Over 100 people, the public and from research, gathered for an Open Space workshop at Aintree.
The question for the day was - How can we demonstrate the benefit of involving the public in research?
Each word conjures up many different perceptions and understandings - HOW, WE, DEMONSTRATE, BENEFITS, INVOLVING, the PUBLIC and in RESEARCH?
Let me invite you to think differently by changing one word in that question so that it reads... How can we demonstrate the benefits of involving the public in SPORT?
This change in the question immediately makes us want more information, to seek much further clarification, to be far more precise?
We would probably begin by asking which sport.
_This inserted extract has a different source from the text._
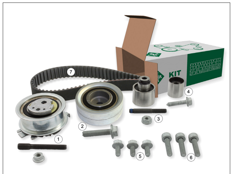
Εικόνα 1: Τροχαλία τάνυσης INA Kit 530 0550 10

*Set = δεν περιλαμβάνεται ο ιμάντας χρονισμού
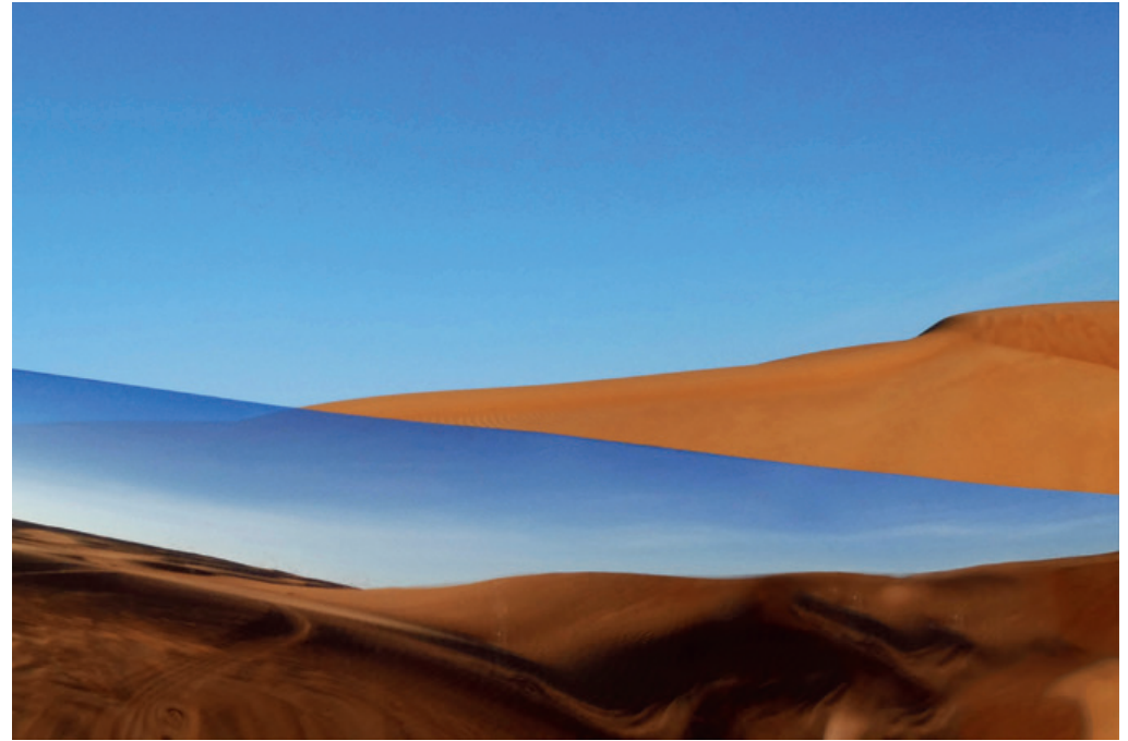
WüstenSpiegel 3 HD Metal Print · 60 x 90 cm · 2020

So what is the CONTEXT?
We might ask whether it personal fitness or part of the team. So PURPOSE is important. Are we part of a team (from cleaning the boots to playing on the field), watching (home or at game), helping (local team or Games events), personal fitness (in general, following illness or accident, loose weight). Ewe need to be far clearer in defining the PURPOSE
How many goals am I expected to score? Am I coaching or driving the coach? Am I helping organise TASK
I blog as an individual, I may be part of a team when I am working with researchers, I am part of an organisation in my work.
DEMONSTRATE THE BENEFIT
You cannot measure someone's benefit of taking part in football training if you take them to a badminton game. Yes, there might be a benefit of involving them in sport but it can only be measured against by definition of what they choose to do and how effective it has been. You cannot measure the benefit of watching the game against the physical taking part.
- Place the involvement in CONTEXT (in terms of the organisation, the research, the people)
- Define the PURPOSE
- Make the TASK specific and produce an EXPLICIT AGREEMENT
- Assess the BENEFIT to the research, the researchers and the public
Only then can you effectively ASSESS the value and benefit (research, researchers, public)
1. Football or badminton; is it active involvement or active engagement
2. Am I a supporter, am I playing, refereeing or managing?
3. What is is expected from me and of the others involved? time, costs, commitment
4. Am I fitter? Have I enjoyed taking part? Has my team won? Are we celebrating?
And in all of sport we begin by giving people choices about what the individual wants to do?
Let's, at least be clear about the game, the rules we should abide by and opportunities that we have to contribute and take part in a way that best suits research and our needs. Let us work together to offer a broad range of opportunities to suit the needs of research and those who get involved.
It is also really important to remember those whose voices are least heard and communities who are unrepresented.